I could walk back to the hotel if I wanted. The area between the palace and the hotel lies within the “green zone,” completely protected by the U.S. Army. But it's a long walk—about 1.5 miles—and it's still hot outside. (July temperatures in Baghdad range from 80 to 110 degrees.) Also, the walk takes me uncomfortably near Iraq's Tomb of the Unknown Soldier and the “crossed swords” monument where Saddam used to review his troops. I decide to take my chances hitching a ride on an Army Humvee passing on the road in front of the palace. But it's been about 15 minutes, and no luck. So I wait.

Talking with people now about my summer stint as an economist in Baghdad is not easy. Everyone wants to know “What was it like over there?” Sometimes I'm tempted to answer, “I don't know, what was it like back here?” Every big place—the United States, Iraq, Boston—has millions of stories, millions of people embedding their private lives amid the wider world around them. I can't hope to summarize “what's going on” in Iraq with a few sentences. I can only talk about my own experiences.
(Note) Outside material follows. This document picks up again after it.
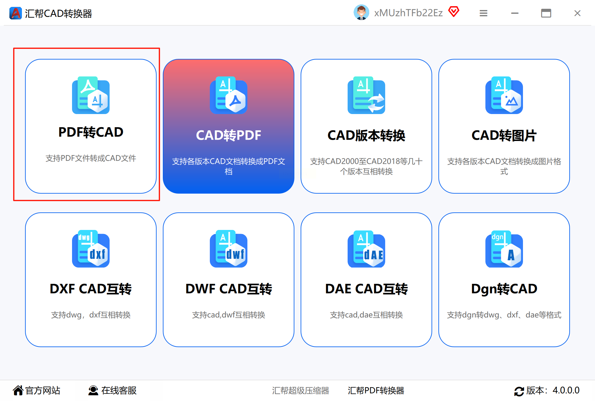 步骤一:启动软件后,在主界面找到并点击“PDF转CAD”功能模块。

People are often surprised to learn that I rarely felt in danger during the entire three months I was there. My feeling of safety came partly from the fact that I spent most of my time ensconced on the second floor of the Republican Palace, which by July had become one of the best-fortified bits of real estate in Asia. It also may have stemmed from my native Midwestern trust I'm an economist, not a soldier. I came to help Iraq's economy get moving. Why would anyone want to hurt me?
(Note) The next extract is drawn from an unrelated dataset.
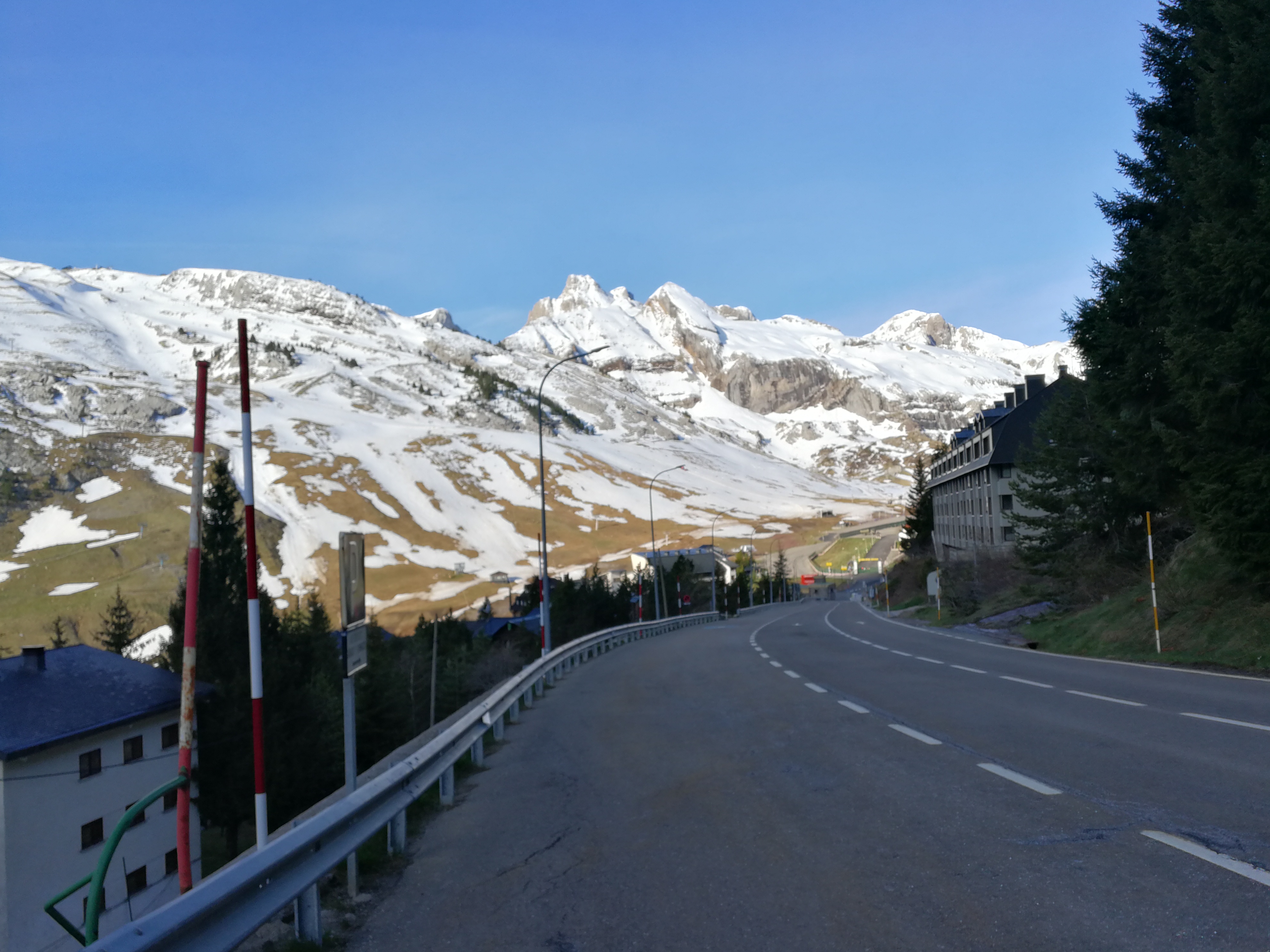After breakfast out and down the hill to Candanchu. It is a rather big ski resort with a number of hotels located at less than a kilometer from the border. Lots of houses and service. Saw a pist machine creeping up one of the snowy “pista de esquí” of the mountain at the other side of the resort valley.

My typical workday starts at 800 a.m. and lasts until 1100 p.m. (Everyone in the palace works long hours.) My job is to help Peter McPherson, the coalition's director of economic policy, answer macroeconomic questions. In many ways, the job is similar to the one I held at the Council of Economic Advisers (CEA) before coming to Iraq. There the economic questions changed from day to day, sometimes from hour to hour. Baghdad is the same. What is the best way to fix Iraq's currency? How could foreign investment help Iraq? What tariff regime should we recommend? The questions are all over the map, so I draw more from my experience teaching macroeconomics to undergraduates, and less from my own specialized research.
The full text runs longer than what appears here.